I have some LUKS-encrypted drives in use for backups. The ‘mount at system startup’ option in the Gnome disks app (configured for both ‘encryption’ and ‘mount’ options) doesn’t prompt for a password after logging in, thus the drive remains inaccessible until several manual steps have been completed in the said app after each reboot.
I only need the password prompt to appear when the desktop environment starts (better if several drives can be configured to be unlocked at once, provided that they use the same password). The passphare file should under no circumstances be stored on disk — I’m fine with typing the password manually at every boot (until I fully understand the security implications).
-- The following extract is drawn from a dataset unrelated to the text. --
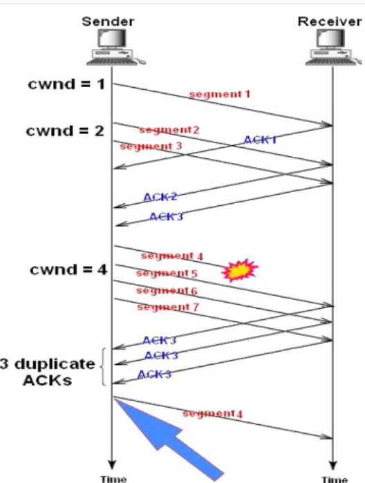 이런 상황이 발생했을 때 수신측에서는 순서대로 잘 도착한 마지막 패킷의 다음 순번을 ACK 패킷에 실어서 보낸다. 그러므로 ACK 3 번의 (다음 순번4)를 담아서 보낸다. 그리고 이런 중복 ACK를 3개 받으면 재전송이 이루어진다.

As for the multiple luks volumes, the way this is handles most commonly is to open one of them with your password and then store a keyfile(not your password) on that volume which opens the rest. Because the keyfile lives in an exncrypted filesystem, you can’t unlock the other volumes without first decrypting that one.
sudoedit /etc/pam.d/gdm-password
Insert first row: auth optional pam_mount.so try_first_pass
Insert first row in block session session optional pam_mount.so
reboot
Important additional note:
As said in the Ubuntu forums one of your passphrases of your LUKS encrypted disk must be the same then your login password! I did not check if this is also true for Fedora.
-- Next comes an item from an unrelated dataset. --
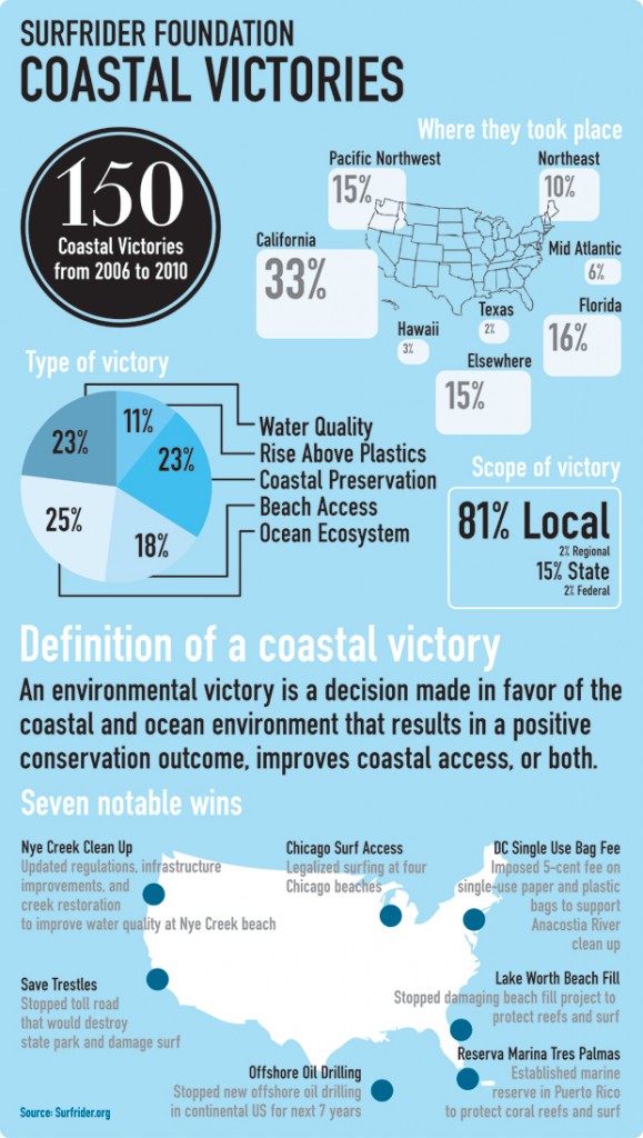 The Surfrider Foundation originally set the 150-victory goal as a way to measure success on the ground. Surfrider Foundation defines a coastal victory as an official decision made in favor of the coastal and ocean environment that results in a positive conservation outcome, improves coastal access, or both.

As I am new to Fedora can somebody confirm this procedure. Thanks.
Check devices hierarchy with lsblk.
Find your device name, like “sda1”.
Get UUID for your device with cryptsetup tool: sudo cryptsetup luksUUID /dev/sda1.
UUID will be like “1234567a-b890-1c23-45de-f67f8gh90i12”.
Edit /etc/crypttab with sudo and add new line: PartitionName UUID=12345 none
Where “PartitionName” - name for your encrypted partition for crypttab (change it to your),
“12345” - your UUID from step 2.
This config needed for decryption on boot stage.
Edit /etc/fstab with sudo and add new line: /dev/mapper/PartitionName /run/media/YOUR_USER/PartitionName/ ext4 defaults,noatime,discard,rw 0 2
Where “PartitionName” - name from step 3,
“/run/media/YOUR_USER/PartitionName/” - path for mounting your partition (change it to your),
and other usual settings for fstab mounting.
This works for me and on Fedora 36 Kinoite, and on several other distro.
The decryption password will be requested at the boot stage, even before SDDM.
This is not an automated method, but only requires running two commands per-drive (and is easy to understand) — in addition to typing the disk passphrase and the user account password. Can be saved as an .sh script, add any drives you’d like:
#!/bin/bash
# SATA SSD (1)
udisksctl unlock --block-device /dev/sdc1
udisksctl mount --block-device /dev/mapper/luks-[...]
The block device paths are examples (I’ve truncated the latter), they can be verified in Gnome Disks for instance.